Gelişmek için eşitlik şart

 

Bazı ülkeler şöyle yaptı. Kadın konusunu bakanlık olarak ele almanın ötesinde ki biz bunu da aile olarak tanımladık bakanlıklar üstü bir bakış açısı ve şemsiye açtılar. Türkiye’de de bu yapılabilir mi? Önümüzde seçimler var. Yeni bir anlayış gelebilir mi?

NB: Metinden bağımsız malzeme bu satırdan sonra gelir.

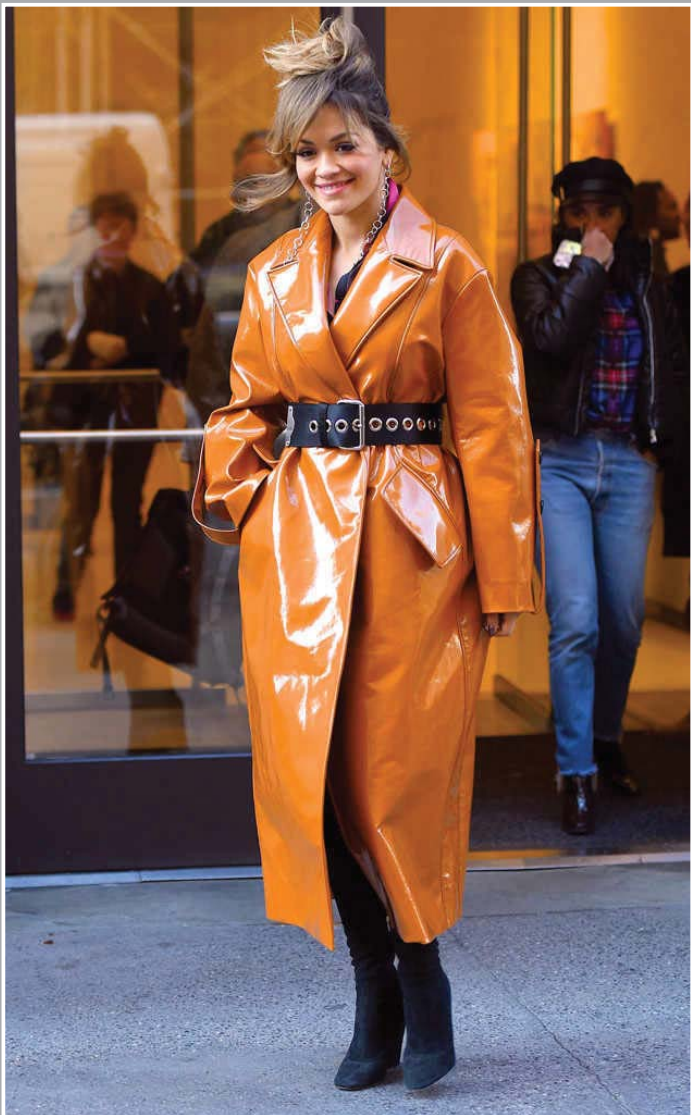
GLOSSY GAL! Singer and actress Rita Ora shines in an orange trench in NYC.

More details on the process by which the Academy's governors will be judged will be announced "in the new year", according to the email.

- Zihinsel değişim ve dönüşüm aslında bu. Kullanılan dille bile insanlar bazı şeyleri özümsüyor. Okul kitaplarında kadına yaklaşımdan tutun, hani belli görevler var anne asli olarak turşu kuruyor, ev temizliyor, yemek yapıyor. Bunları tam değiştiremedik. Bizde de hala ‘kadınların ellerinden tutup kaldıracağız’ söylemi var, sanki kadın yere düşmüş, yerde kalmış da oradan yardımla kaldırılabilecek. Başarılı bir kadın için hırslı kadın tanımlaması yapılıyor ve bu da olumsuz anlamda kulanılıyor, başarılı bir erkek içinse bu yapılmıyor. Başarılı olmuş kadın birşeylerden feragat ederek, bir şeyleri arkasında bırakarak başarmış kadın gibi sunuluyor. Erkekler için sorgulanmayan bir şey bu. Gerçekten çok farklı bir bakış açısı gerek. Bu da şu ortamda kolay görünmüyor. Bazı erkeklerin prensipte eşinin çalışmasına karşı çıktığını biliyoruz. Oysa insani ve rasyonel tüm gerçekler böyle bir ortamın sürdürülebilir olmadığını gösteriyor. Dünyada hiçbir gelişmiş ülke yok ki, kadın istihdamı yüzde 30’a bile ulaşamamış olsun. Türkiye’yi gelişmiş ülkeler arasına sokmak istiyorsanız kadının da hayatın her yönünde ve karar mekanizmalarında eşitlikle yer almasını teşvik etmek zorundasınız.